In the first chapter, we've seen how to index a particular document into ElasticSearch. Now it's time to tell how to index many documents in a more convenient and efficient way than doing it one by one.
Some of the information in this chapter should not be new to us. We've already used it when preparing test data in the previous parts of this book, but now we'll summarize this knowledge.
ElasticSearch allows us to merge many requests into one packet and send this in one request. In this way, we can mix three operations: adding or replacing existing documents in the index (index), removing documents from the index (delete), or adding new documents to the index when there is not another definition of the document in the index (create). The format of the request was chosen for processing efficiency and assumes that every line of the request contains a JSON object with the operation description followed by the second line with a JSON object, which contains document data for this operation. The exception to this rule is the delete operation, which, for obvious reasons, doesn't have the second line. Let's look at the example data:
{ "index": { "_index": "addr", "_type": "contact", "_id": 1 }} { "name": "Fyodor Dostoevsky", "country": "RU" } { "create": { "_index": "addr", "_type": "contact", "_id": 2 }} { "name": "Erich Maria Remarque", "country": "DE" } { "create": { "_index": "addr", "_type": "contact", "_id": 2 }} { "name": "Joseph Heller", country: "US" } { "delete": { "_index": "addr", "_type": "contact", "_id": 4 }} { "delete": { "_index": "addr", "_type": "contact", "_id": 1 }}
It is very important that every document or action description is placed in one line. This means that the document cannot be pretty-printed. There is a default limitation on the size of the bulk indexing file, which is set to 100 megabytes and can be changed by specifying the http.max_content_length
property in the ElasticSearch configuration file. This lets us avoid issues with possible request timeouts and memory problems when dealing with over-large requests.
In order to execute the bulk request, ElasticSearch provides the _bulk
endpoint. This can be used as /_bulk
or with an index as /index_name/_bulk
or even with a type as /index_name/type_name/_bulk
. The second and third forms define the default values for the index name and type name, and if we would like, we can omit those in data in the operation description line.
If we have our example data in the documents.json
file, execution would look as follows:
curl -XPOST 'localhost:9200/_bulk?pretty' --data-binary @documents.json
The ?pretty
parameter is of course not necessary. We've used this parameter only for the ease of analyzing the result of this command. What is important, in this case, is using curl
with the --data-binary
parameter instead of using –d
. This is because the standard –d
parameter ignores new line characters, which, as we said earlier, are important for parsing commands by ElasticSearch.

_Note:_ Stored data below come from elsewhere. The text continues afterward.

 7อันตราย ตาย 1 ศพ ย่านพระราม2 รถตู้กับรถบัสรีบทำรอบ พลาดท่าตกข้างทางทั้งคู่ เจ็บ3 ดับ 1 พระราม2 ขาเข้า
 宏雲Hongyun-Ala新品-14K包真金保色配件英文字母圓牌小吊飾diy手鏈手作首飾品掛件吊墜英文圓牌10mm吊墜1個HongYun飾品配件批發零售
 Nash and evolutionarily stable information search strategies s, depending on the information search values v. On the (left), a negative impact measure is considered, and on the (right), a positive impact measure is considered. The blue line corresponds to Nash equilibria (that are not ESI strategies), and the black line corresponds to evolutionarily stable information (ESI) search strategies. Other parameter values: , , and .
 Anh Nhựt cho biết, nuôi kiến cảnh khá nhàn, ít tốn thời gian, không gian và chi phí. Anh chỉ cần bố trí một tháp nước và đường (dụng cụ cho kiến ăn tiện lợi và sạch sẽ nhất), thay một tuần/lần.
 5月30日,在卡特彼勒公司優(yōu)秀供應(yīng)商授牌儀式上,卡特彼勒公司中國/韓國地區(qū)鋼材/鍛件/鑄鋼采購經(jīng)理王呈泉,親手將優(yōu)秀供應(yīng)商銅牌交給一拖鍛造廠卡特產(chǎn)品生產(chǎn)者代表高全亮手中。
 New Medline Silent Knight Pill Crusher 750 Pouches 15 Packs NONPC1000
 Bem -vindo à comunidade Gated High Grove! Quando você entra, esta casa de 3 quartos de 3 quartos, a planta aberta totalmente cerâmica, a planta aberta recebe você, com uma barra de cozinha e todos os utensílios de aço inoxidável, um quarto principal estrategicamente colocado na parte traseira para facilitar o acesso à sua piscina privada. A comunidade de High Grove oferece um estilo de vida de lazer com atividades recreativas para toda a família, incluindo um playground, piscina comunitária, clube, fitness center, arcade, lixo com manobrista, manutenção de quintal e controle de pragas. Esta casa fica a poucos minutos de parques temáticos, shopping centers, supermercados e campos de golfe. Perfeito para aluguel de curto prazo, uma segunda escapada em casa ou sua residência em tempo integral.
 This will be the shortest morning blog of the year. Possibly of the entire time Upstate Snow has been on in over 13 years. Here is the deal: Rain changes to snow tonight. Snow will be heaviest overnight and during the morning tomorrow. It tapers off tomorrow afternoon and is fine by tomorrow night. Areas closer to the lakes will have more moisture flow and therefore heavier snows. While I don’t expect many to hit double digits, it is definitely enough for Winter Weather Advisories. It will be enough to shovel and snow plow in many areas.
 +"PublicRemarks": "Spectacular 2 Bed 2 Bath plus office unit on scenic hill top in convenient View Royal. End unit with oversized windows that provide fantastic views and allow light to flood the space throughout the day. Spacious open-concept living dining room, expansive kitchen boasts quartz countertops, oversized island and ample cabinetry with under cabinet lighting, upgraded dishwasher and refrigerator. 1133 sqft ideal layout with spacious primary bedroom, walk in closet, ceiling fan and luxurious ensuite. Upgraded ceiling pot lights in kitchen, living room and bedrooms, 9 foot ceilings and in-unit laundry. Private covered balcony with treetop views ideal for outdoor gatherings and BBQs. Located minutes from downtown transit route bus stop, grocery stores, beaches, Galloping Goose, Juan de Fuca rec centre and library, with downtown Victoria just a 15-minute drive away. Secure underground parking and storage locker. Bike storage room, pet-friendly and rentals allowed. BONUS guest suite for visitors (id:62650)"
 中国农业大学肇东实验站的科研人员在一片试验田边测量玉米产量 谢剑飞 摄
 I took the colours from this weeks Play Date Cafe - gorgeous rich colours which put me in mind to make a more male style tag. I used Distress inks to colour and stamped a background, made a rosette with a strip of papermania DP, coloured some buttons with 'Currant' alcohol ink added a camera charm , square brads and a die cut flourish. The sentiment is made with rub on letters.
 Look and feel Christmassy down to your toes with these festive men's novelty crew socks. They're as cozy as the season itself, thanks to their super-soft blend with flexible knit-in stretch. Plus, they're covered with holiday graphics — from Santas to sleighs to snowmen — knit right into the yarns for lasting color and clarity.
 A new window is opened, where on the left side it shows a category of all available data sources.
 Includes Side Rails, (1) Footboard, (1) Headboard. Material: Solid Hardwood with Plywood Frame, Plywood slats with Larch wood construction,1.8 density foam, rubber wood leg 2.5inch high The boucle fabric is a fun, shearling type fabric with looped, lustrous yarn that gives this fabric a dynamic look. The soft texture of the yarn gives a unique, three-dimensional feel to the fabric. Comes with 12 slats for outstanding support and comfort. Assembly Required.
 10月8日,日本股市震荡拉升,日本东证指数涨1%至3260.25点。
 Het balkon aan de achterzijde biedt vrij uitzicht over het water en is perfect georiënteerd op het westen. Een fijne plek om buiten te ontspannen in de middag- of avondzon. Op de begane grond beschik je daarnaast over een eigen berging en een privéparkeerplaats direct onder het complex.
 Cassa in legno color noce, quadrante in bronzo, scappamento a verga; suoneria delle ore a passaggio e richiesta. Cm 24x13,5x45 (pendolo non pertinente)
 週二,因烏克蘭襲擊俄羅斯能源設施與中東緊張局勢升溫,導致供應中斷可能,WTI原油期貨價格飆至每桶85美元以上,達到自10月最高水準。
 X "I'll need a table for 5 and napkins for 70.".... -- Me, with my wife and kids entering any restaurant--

Now let's look at the result returned by ElasticSearch:
{ "took" : 113, "items" : [ { "index" : { "_index" : "addr", "_type" : "contact", "_id" : "1", "_version" : 1, "ok" : true } }, { "create" : { "_index" : "addr", "_type" : "contact", "_id" : "2", "_version" : 1, "ok" : true } }, { "create" : { "_index" : "addr", "_type" : "contact", "_id" : "2", "error" : "DocumentAlreadyExistsException[[addr][3] [contact][2]: document already exists]" } }, { "delete" : { "_index" : "addr", "_type" : "contact", "_id" : "4", "_version" : 1, "ok" : true } }, { "delete" : { "_index" : "addr", "_type" : "contact", "_id" : "1", "_version" : 2, "ok" : true } } ] }
As we can see, every result is a part of the items
array. Let's briefly compare these results with our input data. The first two commands, namely, index
and create,
were executed without any problems. The third operation failed because we wanted to create a record with an identifier that already existed in the index. The next two operations were deletions. Both succeeded. Note that the first of them tried to delete a nonexistent document; as you can see, this wasn't a problem.
Bulk operations are fast, but if you are wondering if there is a more efficient and quicker way of indexing, you can take a look at the User Datagram Protocol (UDP) bulk operations. Note that using UDP doesn't guarantee that no data was lost during communication with the ElasticSearch server. So this is useful only in some cases where performance is critical and more important than accuracy.